The XRFF (eXtensible attribute-Relation File Format) is an XML-based extension of the ARFF format.

File extensions#

.xrff

the default extension of XRFF files
.xrff.gz

the extension for gzip compressed XRFF files (see Compression for more details)

Comparison#

ARFF#

In the following a snippet of the UCI dataset iris in ARFF format:

 @relation iris

 @attribute sepallength numeric
 @attribute sepalwidth numeric
 @attribute petallength numeric
 @attribute petalwidth numeric
 @attribute class {Iris-setosa,Iris-versicolor,Iris-virginica}

 @data
 5.1,3.5,1.4,0.2,Iris-setosa
 4.9,3,1.4,0.2,Iris-setosa
 ...

XRFF#

And the same dataset represented as XRFF file:

 <?xml version="1.0" encoding="utf-8"?>

 <!DOCTYPE dataset
 [
    <!ELEMENT dataset (header,body)>
    <!ATTLIST dataset name CDATA #REQUIRED>
    <!ATTLIST dataset version CDATA "3.5.4">

    <!ELEMENT header (notes?,attributes)>
    <!ELEMENT body (instances)>
    <!ELEMENT notes ANY>   <!--  comments, information, copyright, etc. -->

    <!ELEMENT attributes (attribute+)>
    <!ELEMENT attribute (labels?,metadata?,attributes?)>
    <!ATTLIST attribute name CDATA #REQUIRED>
    <!ATTLIST attribute type (numeric|date|nominal|string|relational) #REQUIRED>
    <!ATTLIST attribute format CDATA #IMPLIED>
    <!ATTLIST attribute class (yes|no) "no">
    <!ELEMENT labels (label*)>   <!-- only for type "nominal" -->
    <!ELEMENT label ANY>
    <!ELEMENT metadata (property*)>
    <!ELEMENT property ANY>
    <!ATTLIST property name CDATA #REQUIRED>

    <!ELEMENT instances (instance*)>
    <!ELEMENT instance (value*)>
    <!ATTLIST instance type (normal|sparse) "normal">
    <!ATTLIST instance weight CDATA #IMPLIED>
    <!ELEMENT value (#PCDATA|instances)*>
    <!ATTLIST value index CDATA #IMPLIED>   <!-- 1-based index (only used for instance format "sparse") -->
    <!ATTLIST value missing (yes|no) "no">
 ]
 >

 <dataset name="iris" version="3.5.3">
    <header>
       <attributes>
          <attribute name="sepallength" type="numeric"/>
          <attribute name="sepalwidth" type="numeric"/>
          <attribute name="petallength" type="numeric"/>
          <attribute name="petalwidth" type="numeric"/>
          <attribute class="yes" name="class" type="nominal">
             <labels>
                <label>Iris-setosa</label>
                <label>Iris-versicolor</label>
                <label>Iris-virginica</label>
             </labels>
          </attribute>
       </attributes>
    </header>

    <body>
       <instances>
          <instance>
             <value>5.1</value>
             <value>3.5</value>
             <value>1.4</value>
             <value>0.2</value>
             <value>Iris-setosa</value>
          </instance>
          <instance>
             <value>4.9</value>
             <value>3</value>
             <value>1.4</value>
             <value>0.2</value>
             <value>Iris-setosa</value>
          </instance>
          ...
       </instances>
    </body>
 </dataset>

Sparse format#

The XRFF format also supports a sparse data representation.

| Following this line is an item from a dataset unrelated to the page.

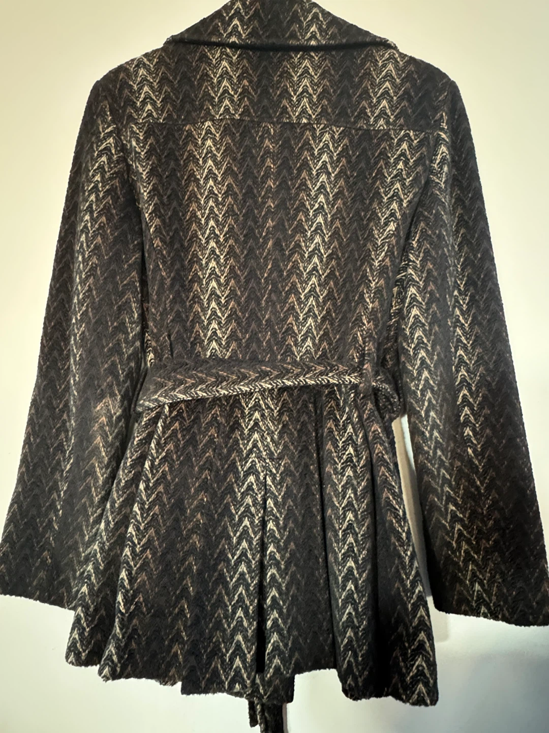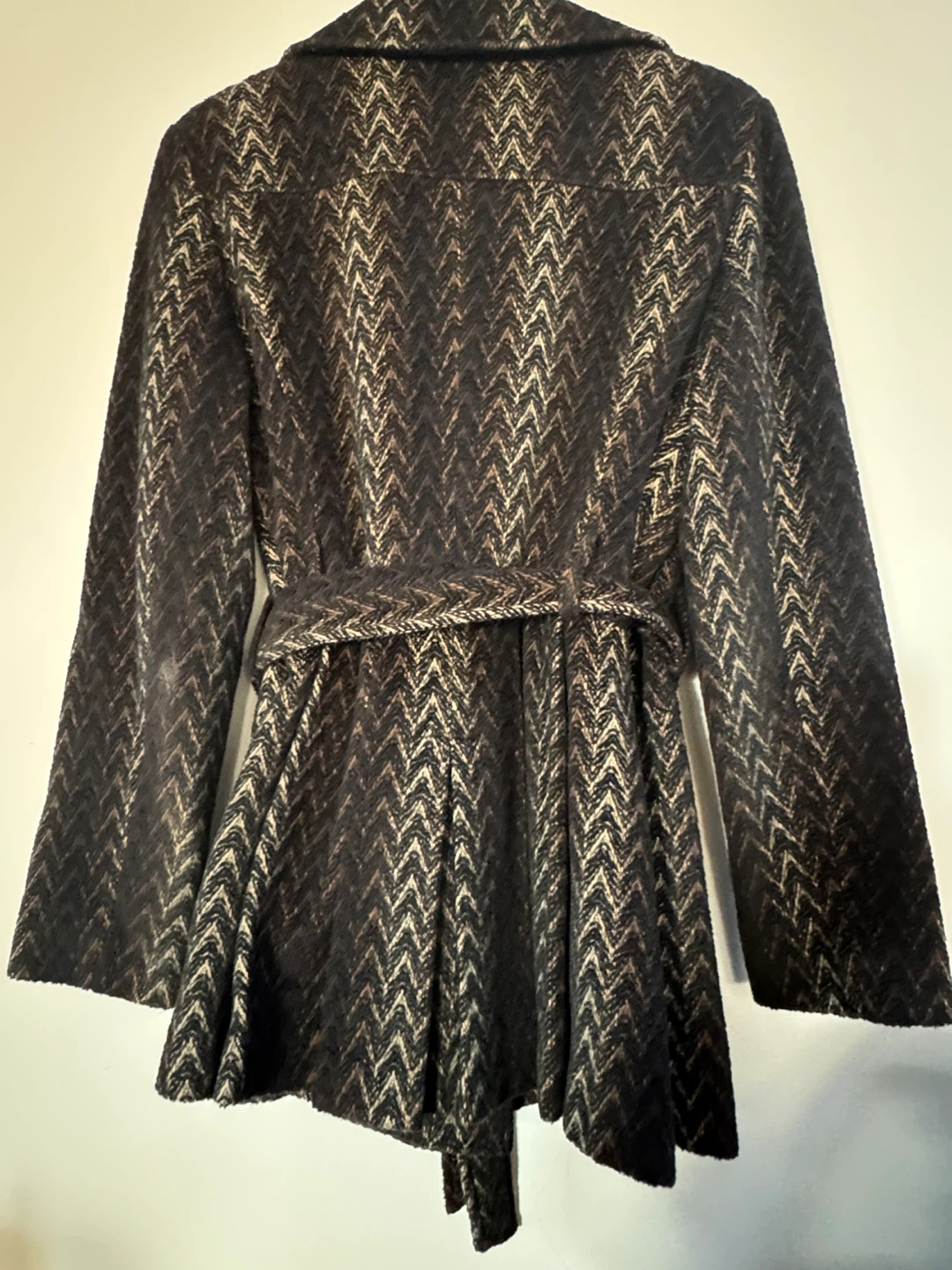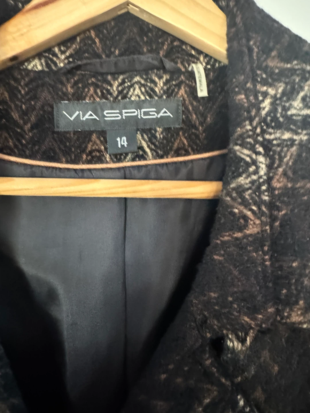I'm selling a Via Spiga Black and Cream Double Breasted Belted coat in size 14. The shell is made of 50% wool, 37% viscose, and 13% polyester. The lining is 100% polyester. It's a stylish and warm coat for the colder months!

Even though the iris dataset does not contain sparse data, the above example will be used here to illustrate the sparse format:

In contrast to the normal data format, each sparse instance tag contains href="#__codelineno-2-1"> ... <instances> <instance type="sparse"> <value index="1">5.1</value> <value index="2">3.5</value> <value index="3">1.4</value> <value index="4">0.2</value> <value index="5">Iris-setosa</value> </instance> <instance type="sparse"> <value index="1">4.9</value> <value index="2">3</value> <value index="3">1.4</value> <value index="4">0.2</value> <value index="5">Iris-setosa</value> </instance> ... </instances> ... a type attribute with the value sparse:

 <instance type="sparse">

And each value tag needs to specify the index attribute, which contains the 1-based index of this value.

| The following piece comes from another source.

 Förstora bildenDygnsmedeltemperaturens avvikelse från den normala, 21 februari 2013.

 <value index="1">5.1</value>

Compression#

Since the XML representation takes up considerably more space than the rather compact ARFF format, one can also compress the data via gzip. Weka automatically recognizes a file being gzip compressed, if the file's extension is .xrff.gz instead of .xrff.

The Weka Explorer now allows to load/save compressed and uncompressed XRFF files (this applies also to ARFF files).

Additional features#

In addition to all the features of the ARFF format, the XRFF format contains the following additional features:

class attribute specification
attribute weights
instance weights

Class attribute specification#

Via the class="yes" attribute in the attribute specification in the header, one can define which attribute should act as class attribute. A feature that can be used on the command line as well as in the Experimenter, which now can also load other data formats, and removing the limitation of the class attribute always having to be the last one.

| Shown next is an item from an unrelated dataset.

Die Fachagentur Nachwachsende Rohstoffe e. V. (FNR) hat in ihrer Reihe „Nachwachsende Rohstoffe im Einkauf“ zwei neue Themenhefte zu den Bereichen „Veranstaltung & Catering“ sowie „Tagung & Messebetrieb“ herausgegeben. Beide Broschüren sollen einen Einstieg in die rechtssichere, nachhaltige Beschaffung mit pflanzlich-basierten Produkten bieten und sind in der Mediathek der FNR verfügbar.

Snippet from the iris dataset:

 <attribute **class="yes"** name="class" type="nominal">

Attribute weights#

Attribute weights are stored in an attributes meta-data tag (in the header section). Here's an example of the petalwidth attribute with a weight of 0.9:

 <attribute name="petalwidth" type="numeric">
     <metadata>
        <property name="weight">0.9</property>
     </metadata>
 </attribute>

Instance weights#

Instance weights are defined via the weight attribute in each instance tag. By default, the weight is 1. Here's an example:

 <instance weight="0.75">
    <value>5.1</value>
    <value>3.5</value>
    <value>1.4</value>
    <value>0.2</value>
    <value>Iris-setosa</value>
 </instance>